The company is already live inside products like AI assistant Luzia, parenting app Heal, student research service Liner, and creative site DeepAI. Early advertiser types cover work marketplaces and educational providers and health services—areas in which conversational intent and immediate next actions are a great match.
Early data and what they indicate
Koah claims its placements are four to five times more effective than standard mobile ad units found in chat interfaces — about 7.5% of users click on ads on Koah, on average, through the company, and some partners take in up to $10,000 in their first month with the company. Perhaps most importantly, Koah says that it is seeing far less of a negative impact on session length than, say, display-style ads, and adds that in fact Koah’s aim is the opposite: make the assistant more useful in the moment when a user is looking for a solution.
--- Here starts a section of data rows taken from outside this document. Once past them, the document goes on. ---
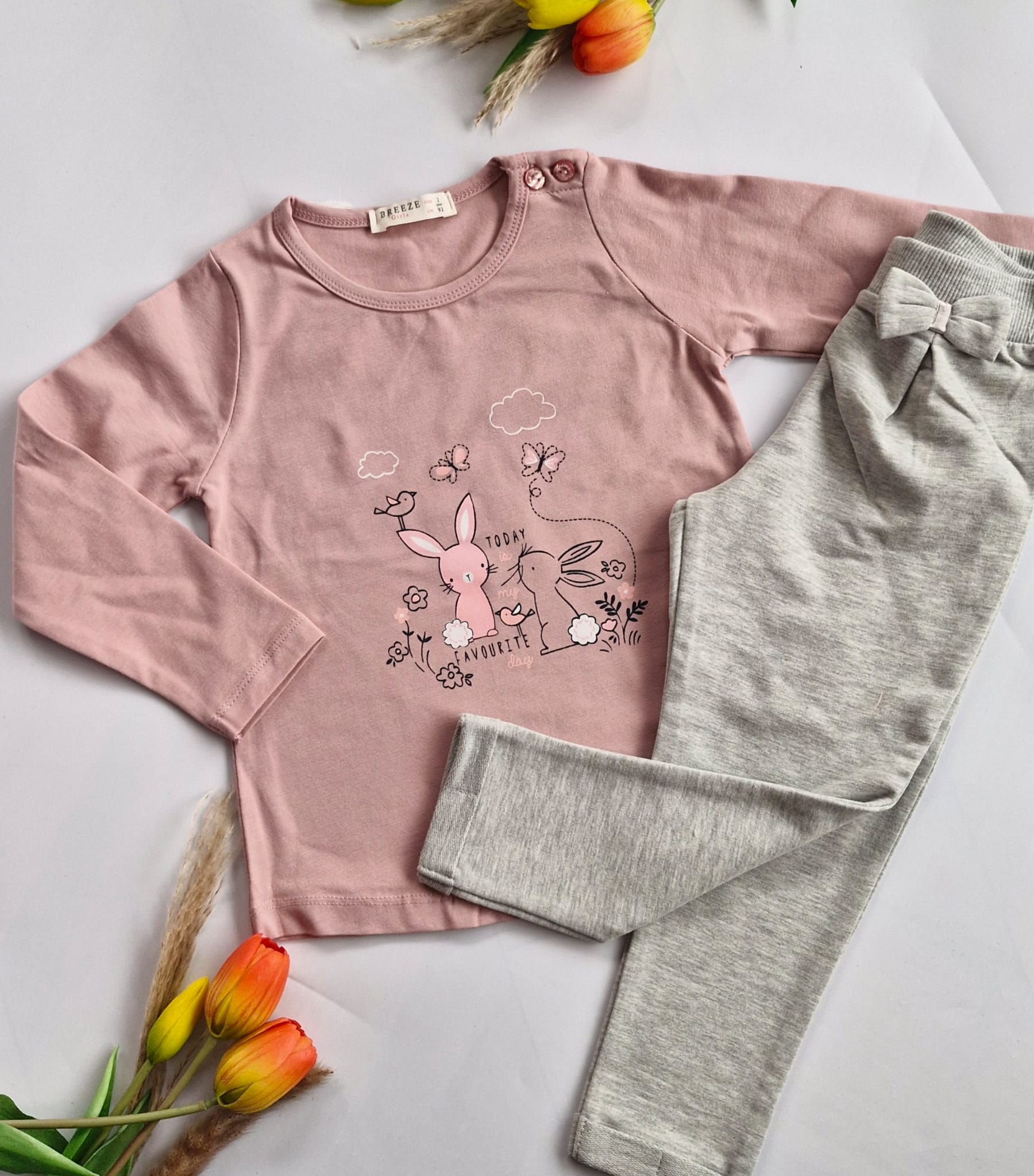 • różowa bluzka zapinana na dwa logowane guziczki  z aplikacją króliczków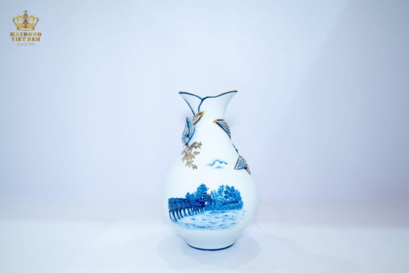 Màu men sứ sáng như ngọc sáng bóng làm nổi bật hoạ tiết vẽ vàng 24k tinh xảo của Lọ Hoa Ly, sự kết hợp này tạo nên một bức tranh hài hoà, nhấn nhá đầy ấn tượng. Theo phong thủy, Lọ Hoa Ly có tác dụng thu hút vượng khí, mang lại vận may cho gia chủ. Như lời chúc phúc bình an gửi đến từng gia đình, các nghệ nhân HaiDoCo đã lựa chọn những nguyên liệu tinh túy nhất để tạo nên tuyệt phẩm này.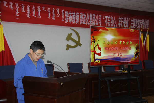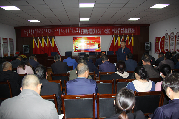 為扎實(shí)推進(jìn)公司“不忘初心、牢記使命”主題教育,根據(jù)阿右旗旗委主題教育領(lǐng)導(dǎo)辦要求和公司黨委《關(guān)于開展“不忘初心、牢記使命”主題教育實(shí)施方案》安排,2019年10月10日晚,公司黨委在五樓會(huì)議室舉辦“雅鹽先鋒”典型事跡宣講會(huì)。公司在家領(lǐng)導(dǎo)、中層干部、全體黨員、機(jī)關(guān)工作人員共70余人到場(chǎng)聆聽。宣講會(huì)由公司黨委委員、主題教育宣傳組組長(zhǎng)徐憲國主持。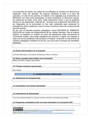 El documento presenta un planificador de proyectos para un proyecto pedagógico llamado "TIT@ ENSEÑA VALORES Y ME EDUCA AMBIENTALMENTE" en la Institución Educativa INEM - Jorge Isaacs. El proyecto busca mejorar el ambiente escolar mediante el fortalecimiento de valores como respuesta a problemas como la pérdida de valores, basuras arrojadas y maltrato a vegetales. El proyecto involucra las áreas de Ciencias Naturales, Educación Ambiental, Ética y Valores en pri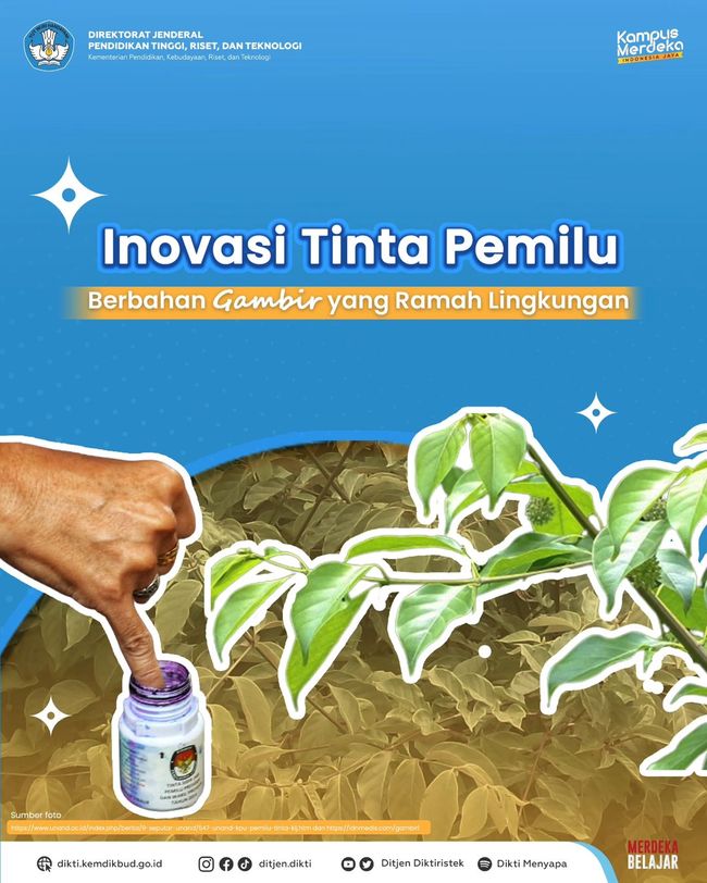 Universitas Andalas ciptakan inovasi tinta organik yang ramah lingkungan atau eco-friendly dari komoditas terbesar di Sumatera Barat, yakni tanaman gambir. Tinta ini nantinya akan dikomersialisasikan untuk kegiatan Pemilihan Umum (Pemilu) tahun 2024.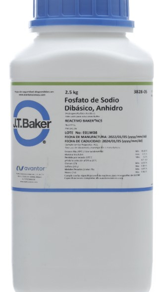 FOSFATO DE SODIO DIBÁSICO ANHÍDRO JT BAKER 3828 Fosfato de Sodio, Dibásico, Anhídro (fosfato de hidrógeno disódico). Adecuado para soluciones Buffer. Reactivo Baker Analized®, JT…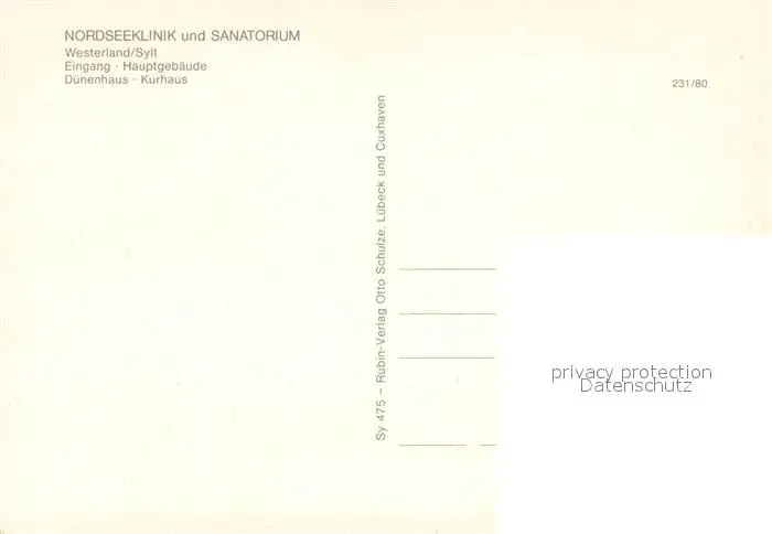 Westerland_Sylt Nordseeklinik und Sanatorium Duenenhaus Kurhaus Westerland_Sylt postalisch nicht gelaufen 1980 Erhaltung siehe scans [FriedD77] Frierer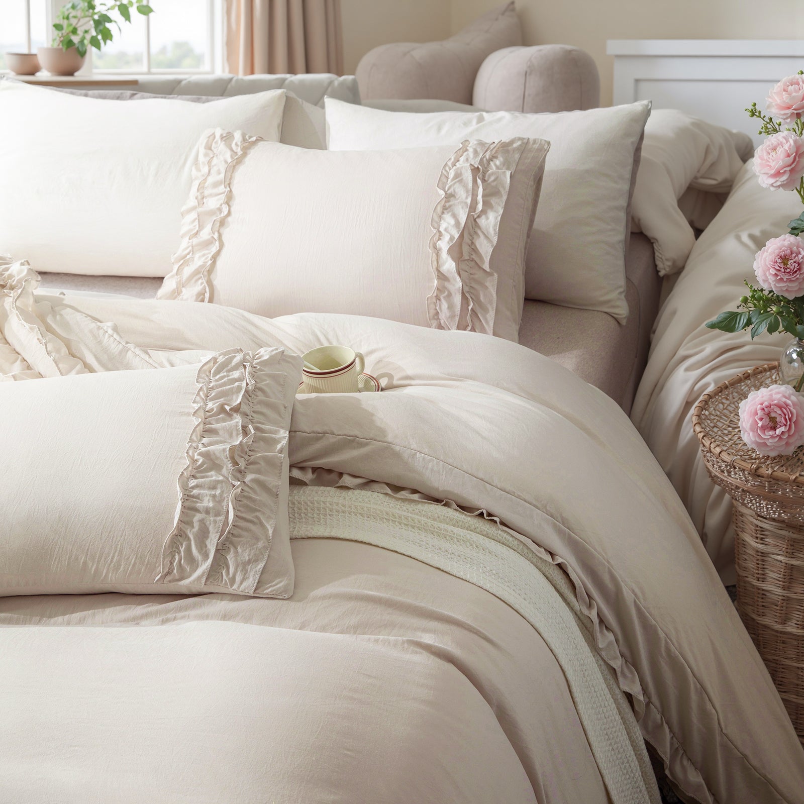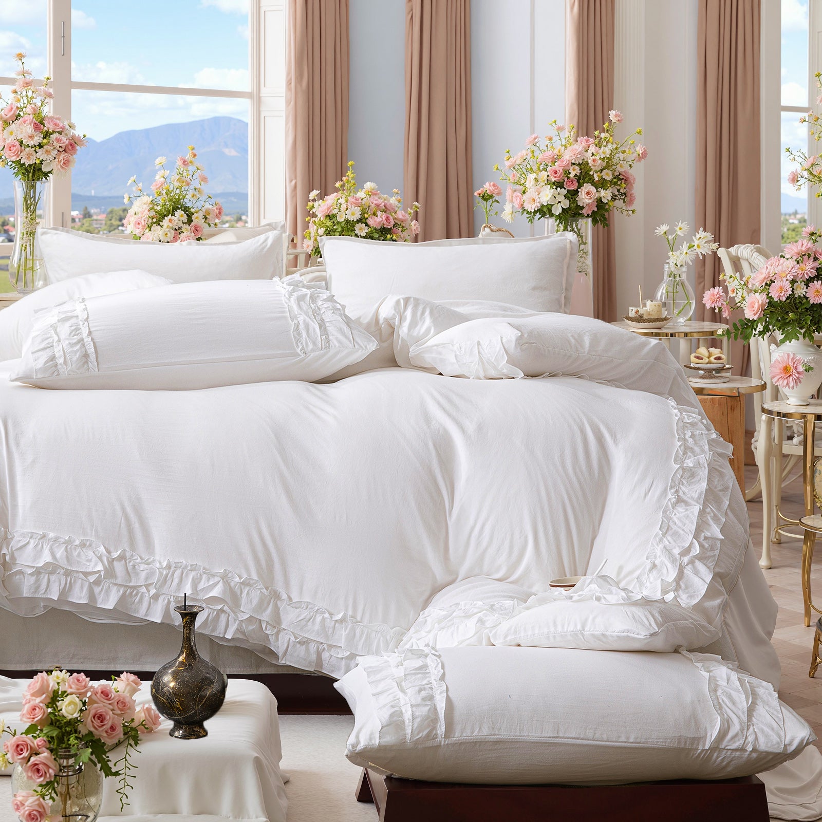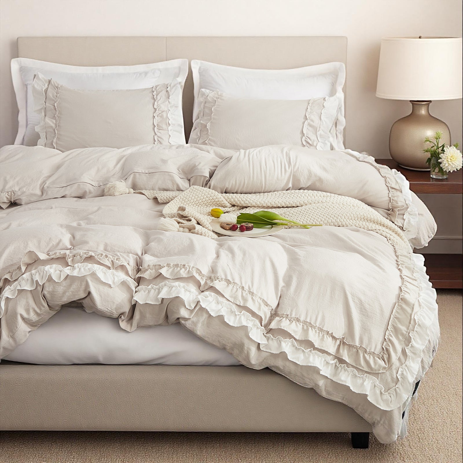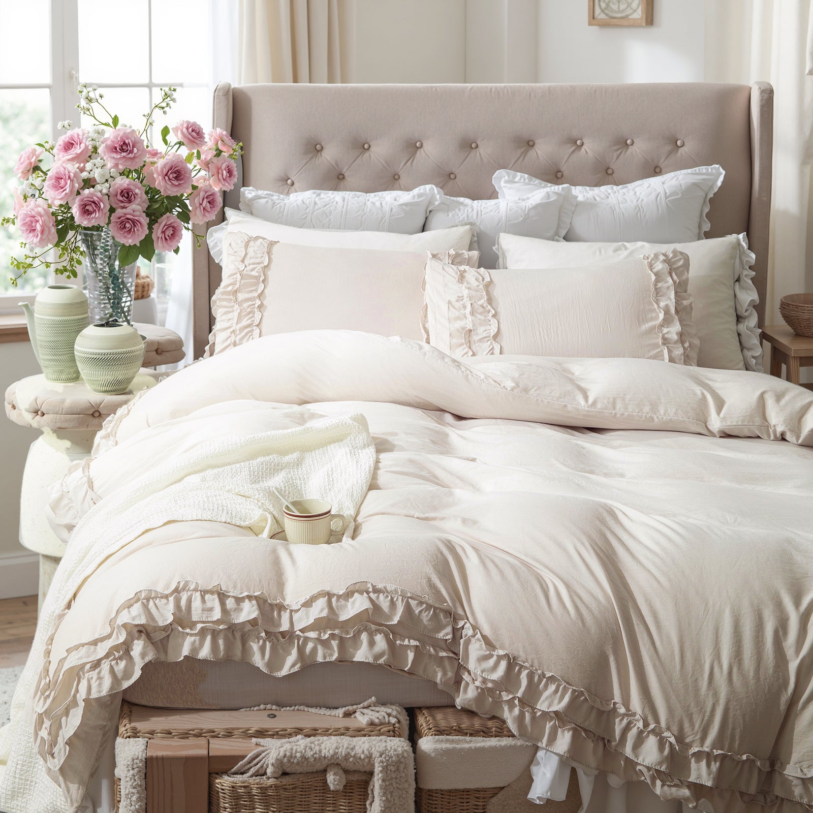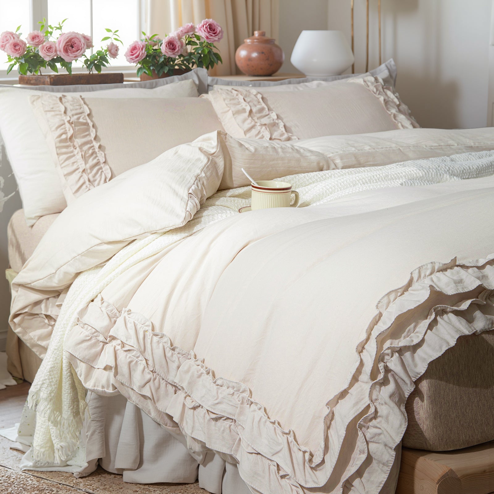 Refresh your bedroom with the Ruffle Duvet Cover Set, designed with delicate pleated ruffles that bring a chic, romantic flair to your space. Perfect for farmhouse, boho, or shabby chic décor, this bedding adds soft elegance and a cozy cottage vibe.

In funnel terms, click-to-message or conversational ads could be thought of as a middle-of-journey tool. Just ask the Facebook chatbot operators themselves: People do not close deals inside of a chatbot; they want to research and compare, and then go off to search or a merchant site to purchase. The thing Koah needs is to provide the ability for brands to hone in on that the commercial intent accurately — through deep links, prefilled lead flows, even contextualized calls to action — without turning the exchange into a sales pitch that ruins the experience.
A monetization layer for the AI long tail
Legacy mobile ad networks have been tested in AI interfaces by numerous developers, only to encounter poor fit and low returns. Koah is selling itself as being purpose-built for conversational UX: pacing that respects how people take turns talking, natural-language creative that reflects the assistant’s tone, and controls that let publishers decide when ads are allowed to appear. For consumer in-vestors like Forerunner, whose investments have included category-defining commerce and consumer platforms, the thesis is pretty simple: Subscriptions won’t be enough to take consumer AI mainstream, and a native ad layer will be mission criti-cal.
There is real execution risk. Measure and attribution are more difficult when the recommendations occur in free-flowing conversation. Brand safety and hallucinations necessitate tight guardrails so that offers do not appear next to misleading or sensitive content. Expectations around privacy are on the rise, and any contextual targeting has to be clear and compliant. And platform dependence is an up\-coming issue: if the biggest model providers want to run their own ad networks, indies will rely on better performance and tooling to demonstrate value.
Where the new money goes
Koah wants to grow its SDKs, measurement stack, and policy controls, while growing both sides of its marketplace — more high-intent inventory amongst AI apps, and more advertisers with offers that feel like real next steps in a conversation. Global coverage is something Jumbo put a premium on, most notably in markets where paid plans tend to underperform but which AI asssistants are increasingly scaling. If Koah can sustain high relevance but low friction, it does have a business that could potentially elbow its way into common infrastructure of the AI-driven consumer apps serving up the long-tail of consumer apps that Koah can monetize.
The larger picture is an easy one: AI apps require sustainable economics. Threading ads within moments of intent — not as banners, but as timely, useful options — Koah is trying to prove that making money can buoy the user experience instead of corrode it. If the lessons stick as the network expands, ads in AI chats could go from novelty to norm.